Reliable protection to keep you out from bell to bell.
Gotta love the attitude. The loud colors are backed up with bona fide performance chops, including two-layer Gore-Tex face fabric and Marmot’s proprietary synthetic insulation. We especially appreciated the long cut, oversize hood, and structured cuffs that tucked inside the sleeve on warm days.
Fjällräven Ovik Eco-Shell
Fjällräven’s Eco-Shell fabric—made from stretchy recycled polyester and coated in a PFC-free water-repellent treatment—kept us dry in light snow. But it isn’t a high-octane mountain piece. Instead we grabbed this sleek urban parka, with its trench-coat cut and clean snaps down the front, for cruising Vail Village at night.

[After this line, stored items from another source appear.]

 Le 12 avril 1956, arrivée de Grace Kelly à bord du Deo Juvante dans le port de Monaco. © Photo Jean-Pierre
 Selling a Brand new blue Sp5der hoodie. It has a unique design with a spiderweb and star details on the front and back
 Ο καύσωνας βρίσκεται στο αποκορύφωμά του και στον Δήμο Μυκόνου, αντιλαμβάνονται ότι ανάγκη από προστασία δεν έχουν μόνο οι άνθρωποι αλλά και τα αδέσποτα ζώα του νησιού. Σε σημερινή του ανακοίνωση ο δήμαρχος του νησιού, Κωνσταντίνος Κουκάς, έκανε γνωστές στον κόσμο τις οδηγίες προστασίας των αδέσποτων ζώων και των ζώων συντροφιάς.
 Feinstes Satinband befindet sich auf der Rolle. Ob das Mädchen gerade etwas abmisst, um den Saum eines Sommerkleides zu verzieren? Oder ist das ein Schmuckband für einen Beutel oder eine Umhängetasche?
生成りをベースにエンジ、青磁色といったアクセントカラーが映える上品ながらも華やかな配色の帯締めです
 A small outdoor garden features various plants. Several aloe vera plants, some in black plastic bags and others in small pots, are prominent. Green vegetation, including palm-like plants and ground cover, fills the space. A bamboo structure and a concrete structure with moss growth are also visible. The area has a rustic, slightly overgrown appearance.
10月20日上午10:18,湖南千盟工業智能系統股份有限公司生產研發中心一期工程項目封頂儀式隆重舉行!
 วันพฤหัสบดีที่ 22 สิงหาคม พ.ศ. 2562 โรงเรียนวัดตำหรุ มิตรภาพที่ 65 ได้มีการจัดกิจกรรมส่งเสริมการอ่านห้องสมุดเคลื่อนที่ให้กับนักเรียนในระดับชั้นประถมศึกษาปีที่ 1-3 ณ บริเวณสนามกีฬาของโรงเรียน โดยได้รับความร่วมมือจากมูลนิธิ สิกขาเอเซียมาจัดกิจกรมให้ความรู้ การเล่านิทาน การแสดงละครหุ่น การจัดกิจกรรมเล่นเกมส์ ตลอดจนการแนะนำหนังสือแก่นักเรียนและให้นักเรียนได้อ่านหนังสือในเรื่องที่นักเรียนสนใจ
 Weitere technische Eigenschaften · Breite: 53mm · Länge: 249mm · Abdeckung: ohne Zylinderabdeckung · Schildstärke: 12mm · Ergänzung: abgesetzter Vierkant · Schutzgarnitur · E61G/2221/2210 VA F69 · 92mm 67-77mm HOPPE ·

Eddie Bauer Telemetry Freeride
Lexi duPont rocked the Telemetry last season, so you know it’s ready for long days on the steeps. Like the Marmot, it’s moderately insulated, making it best suited for resort skiers. It’s also a hair heavy—Eddie Bauer built it from nylon instead of Gore-Tex, sacrificing some weatherproofness but saving you $150.
Dynafit Yotei shell and bibs
Last year, we named the Yotei one of the best men’s winter jackets. Finally, there’s a version for women, too, with matching bibs. Cut from soft, quiet Gore C-Knit fabric, this is a well-designed combo for skiers who spend most of their time beyond the ropes. Details like the wide suspenders are spot-on.
Under Armour Chugach shell and bibs
This $850 duo has the technical résumé you’d expect—three-layer Gore-Tex, taped seams, a powder skirt. But what really made it stand out was its big-mountain steeze. And while bibs aren’t for everyone (some important business requires extra time), they prevent snow from creeping under your midlayer.
A warm, well-made down puffy for less than two Franklins? Believe it. REI blended down and synthetic fill in the lofty Stratocloud to make it perform just as well as jackets costing twice as much. It’s got some nice details, too, like large front pockets and generous zipper pulls you can grab in gloves.